5.3.2 Evidence from chinese `minor-marriages'

The second evidence is from `minor-marriages' in china (p.121-122). In this kind of the marriage, a young girl is moved to live with her future husband (also a child). Brown bring evidence that this marriages are less successful than normal marriages, for example they are 30% less fertile, and regards this as an evidence that living together as children cause the future husband-and-wife to be imprinted against each other. Brown discusses and dismisses several possible objections. He also brings a similar evidence from an arab village (p. 122).

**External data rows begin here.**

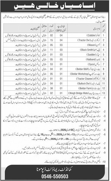 Pakistan Army Remount Depot Mona Jobs 2026 – BPS Civilian Vacancies (Cobbler, Tractor Driver, Mason, Blacksmith, Saddler, Nalband, Syce, Beldar, Tractor Cleaner, Bullock Driver, Weigh Bridge Mate)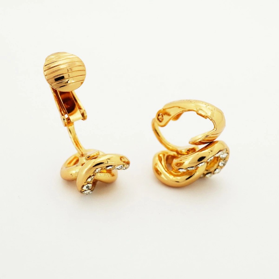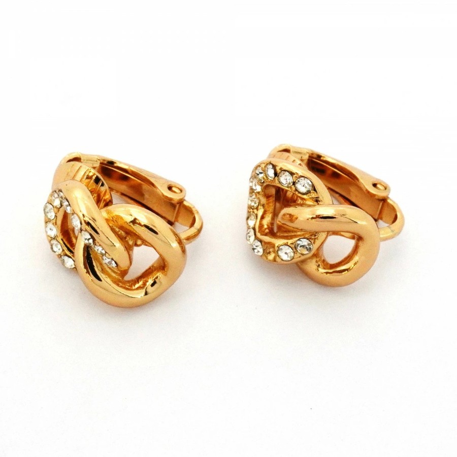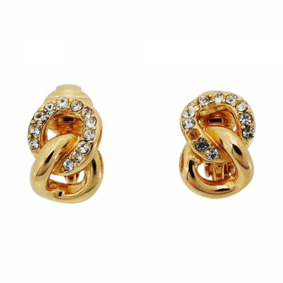 【6jdb0324-k】クリスチャンディオール イヤリング GPメッキ ラインストーン ゴールド【中古】レディース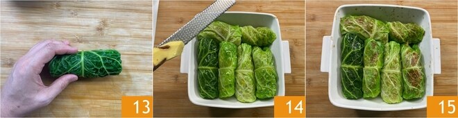 So habt ihr eure ersten Wirsingröllchen erhalten 13. Macht so weiter mit den anderen und legt sie nach und nach in eine Backform. Würzt mit einer Prise Salz, dem geriebenen Ingwer 14 und einem Schuss Öl. Backt sie bei 190° für 20 Minuten im statischen Modus.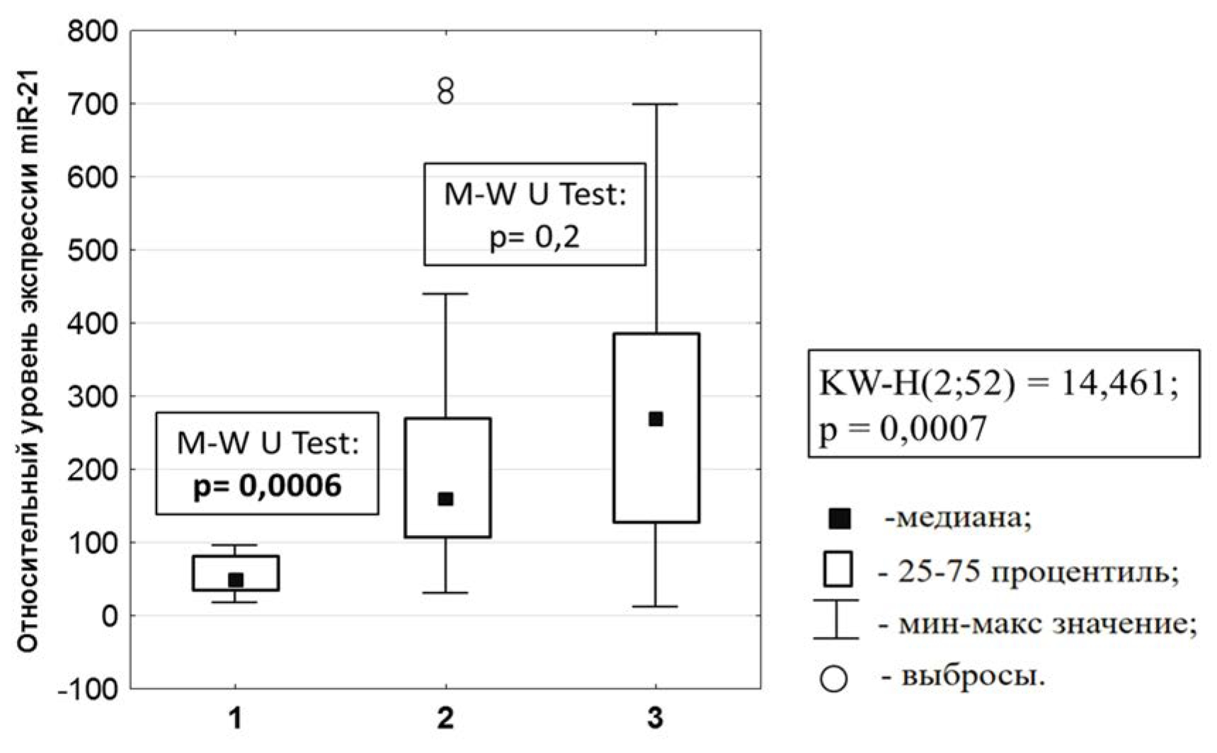 Уровень относительной экспрессии miR-21 | 0,31 | 0,38 | 1,00 |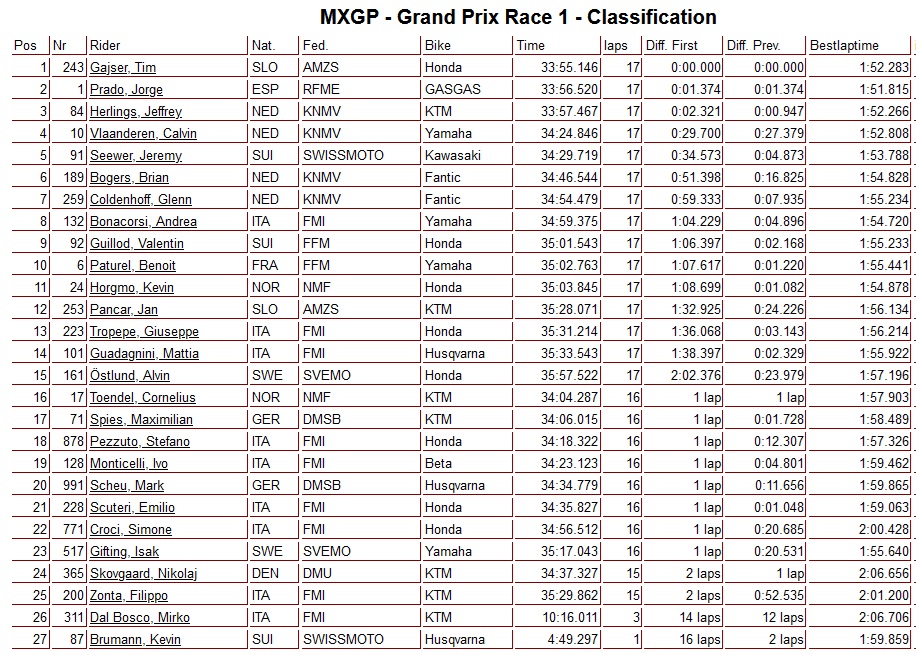 Tim Gajser heeft de eerste manche van de MXGP klasse in Maggiora weten te winnen. Gajser reed het grootste gedeelte van de wedstrijd aan de leiding maar had Jorge Prado en Jeffrey Herlings aan het achterwiel zitten. Alle drie de rijders gingen maximaal maar na een spannende manche was het Gajser die won voor Prado en Herlings.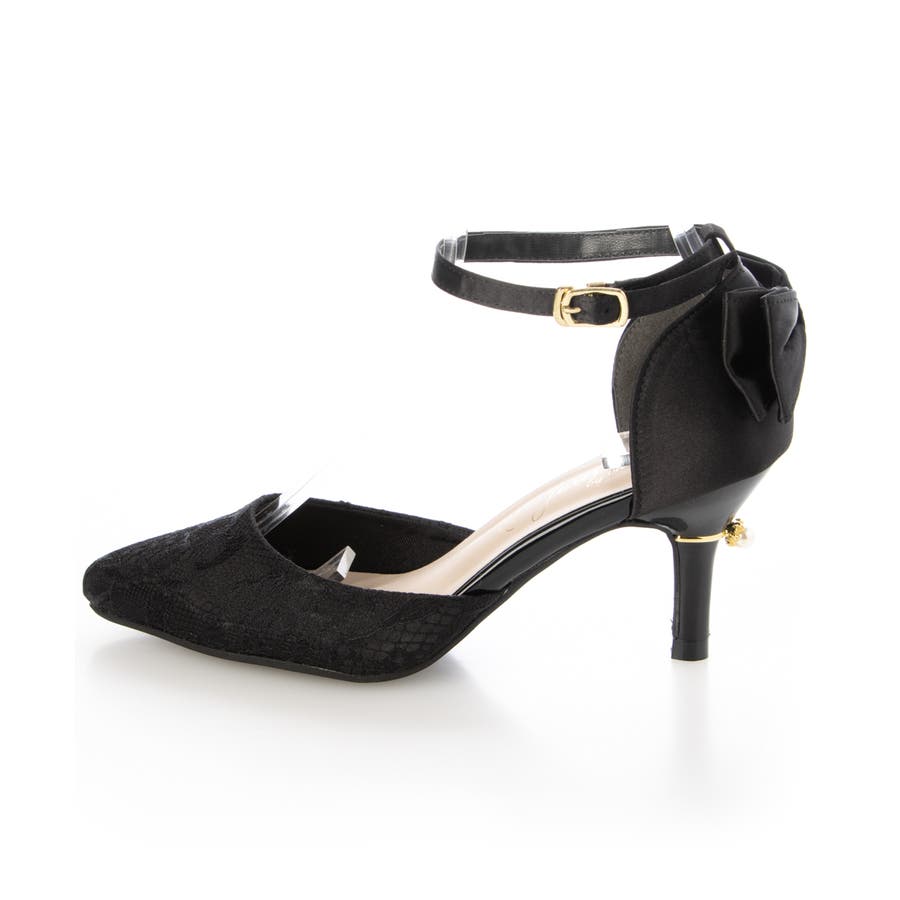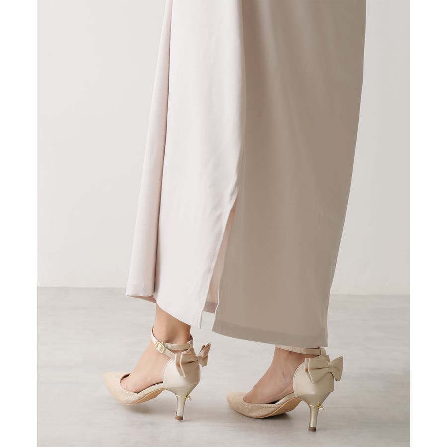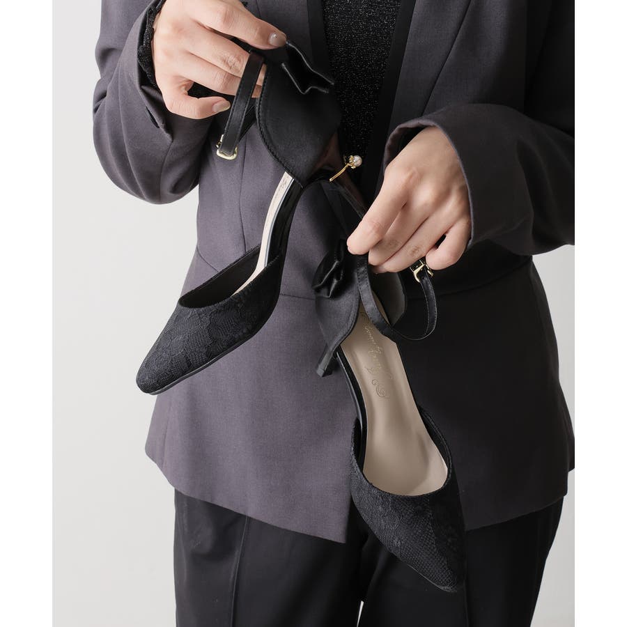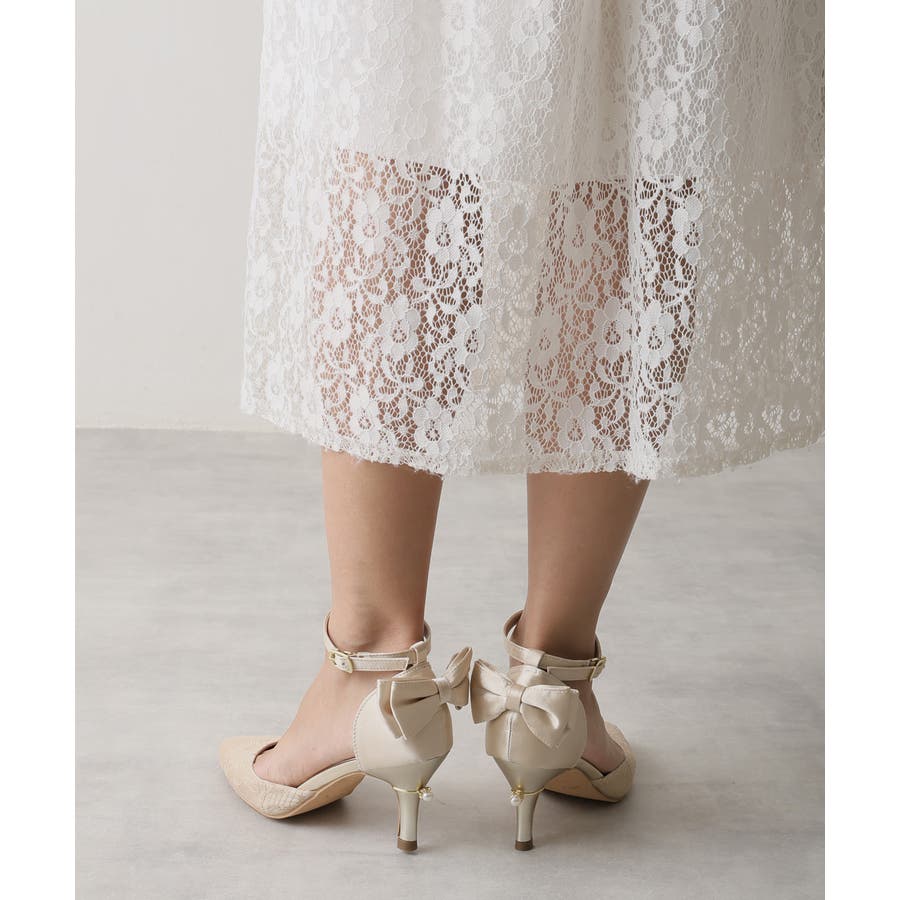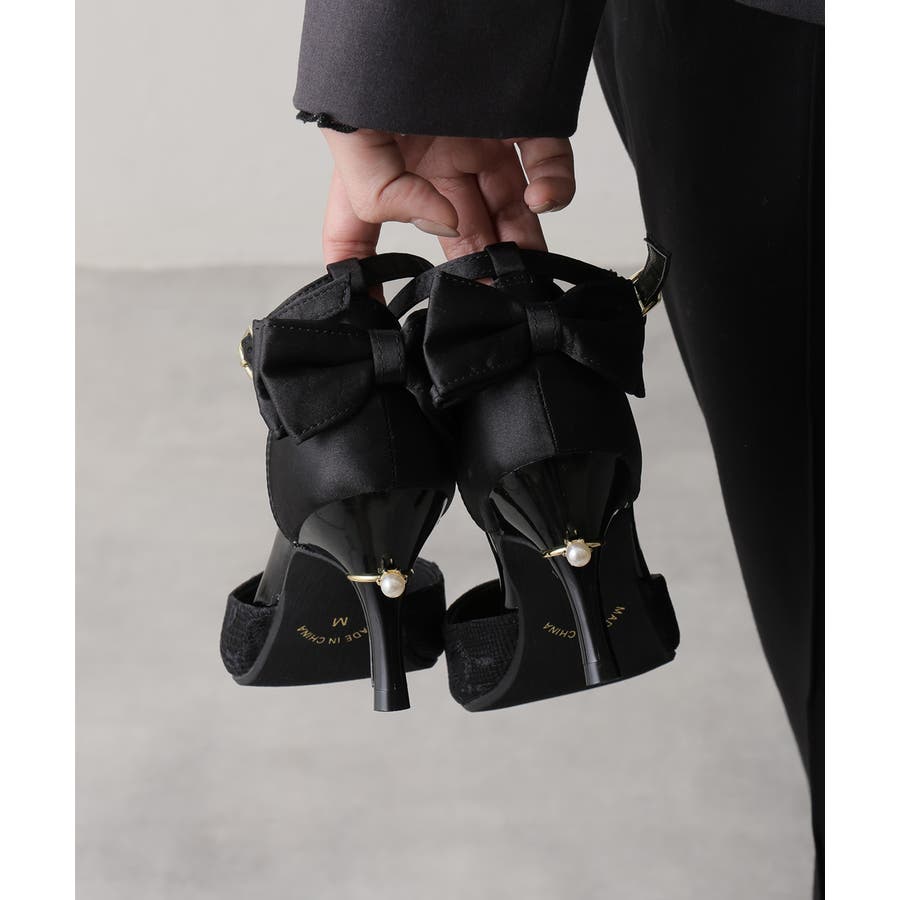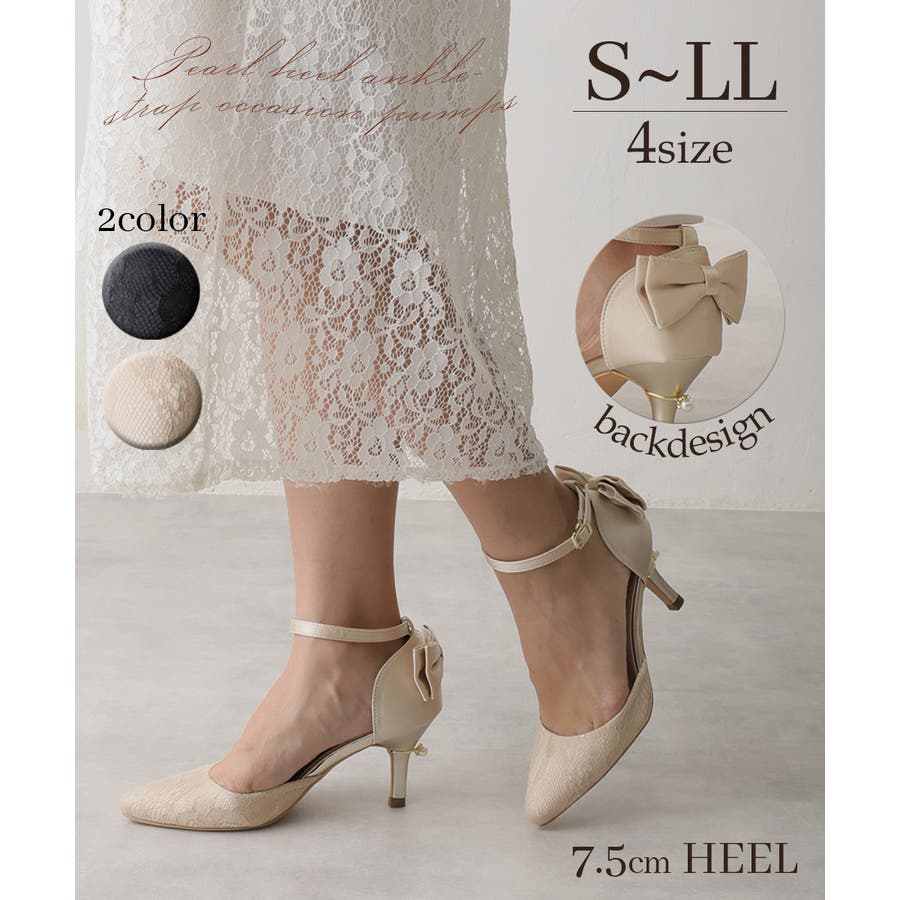程良い高さの7.5cmピンヒールで安定感もあり、立体感のあるバックリボンとパールリング付きヒールでエレガントな美脚を演出!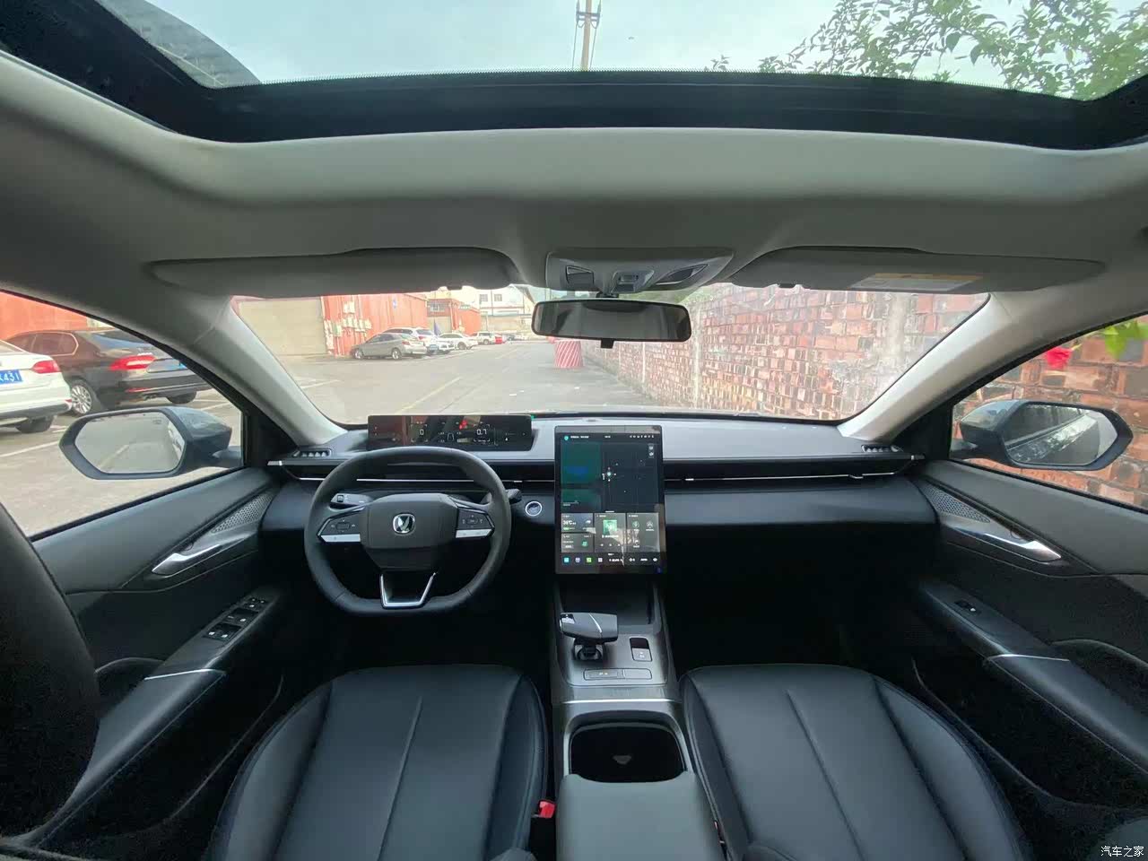 新款长安逸动的仪表盘10.25英寸,是悬浮式设计,设计在中控台上方,与驾驶人员的开车时候的视线更平行,而且更大更长,视线更清晰。中控屏幕则是竖版的13.2英寸,支持触控操作,能连接蓝牙、手机互联等。空调出风口在中控台上贯穿,整体简洁大气。
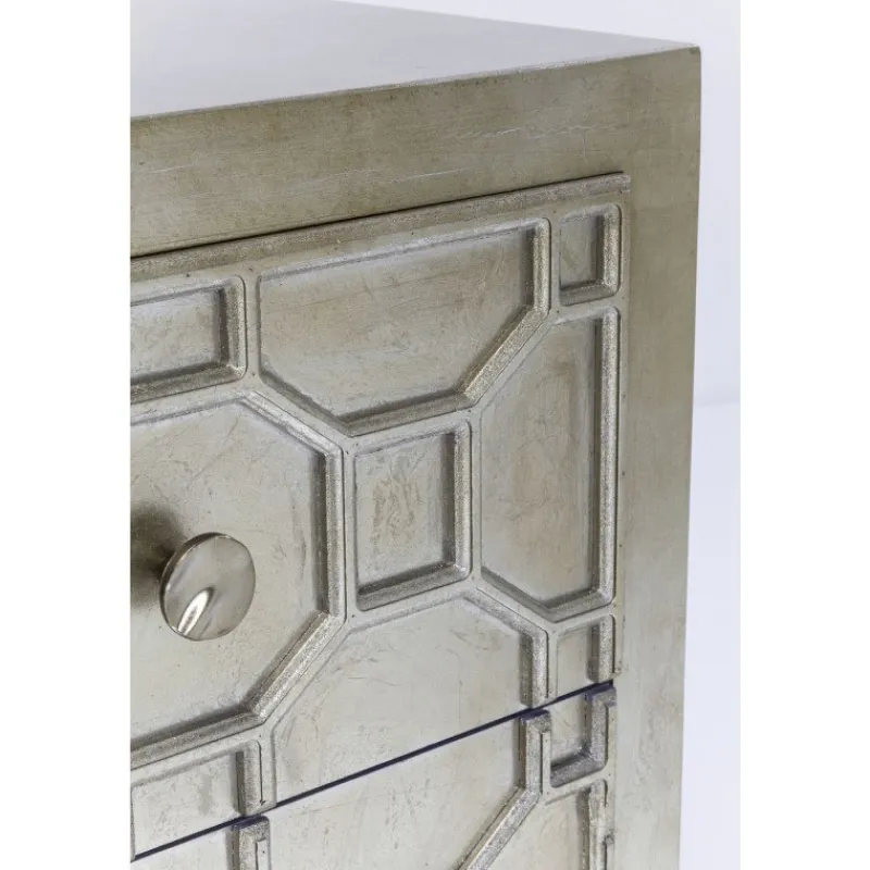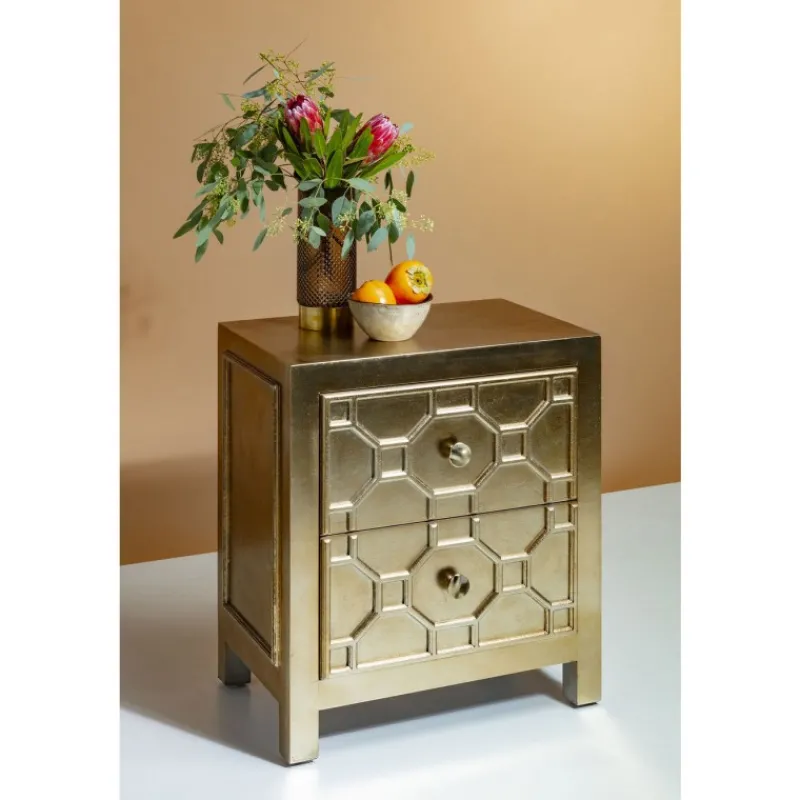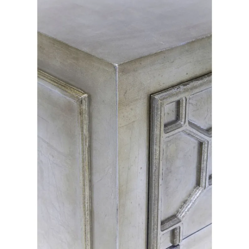Uma homenagem à decoração. Esta mesinha de cabeceira da colecção Alhambra fascina com os sublimes motivos de inspiração muçulmana. O seu visual é refinado por um acabamento exclusivo em prateado mate. Duas gavetas.

However, Brown ignores the most obvious objection, that minor-marriages are effectively random pairing. Normal marriages, even when they are arranged by relatives rather than by the groom-and-bride themselves, are done with at least some considerations of the personalities of the bride and groom. In contrast, in a `minor-marriage' this information is not available, because you cannot predict what kind of person a child is going to be.

Considering this randomness, it is actually very surprising that `minor-marriages' actually succeed to reach 70% fertility of normal marriages. Most likely, this number ignores `minor-marriages' that have been broken before the bride reached maturity.

5.3.3 Incest in animals

The next kind of evidence that Brown brings is that incest avoidance exist in non-human animals, and then he says (P. 124)

Consequently, the assumption that human incest avoidance is fundamentally is cultural phenomenon now rests on the inelegant assumption of a double discontinuity with the animal kingdom; unlike other species we lack innate avoidance mechanisms; unlike other species we therefore avoid incest via cultural prohibition (Arens 1986:94).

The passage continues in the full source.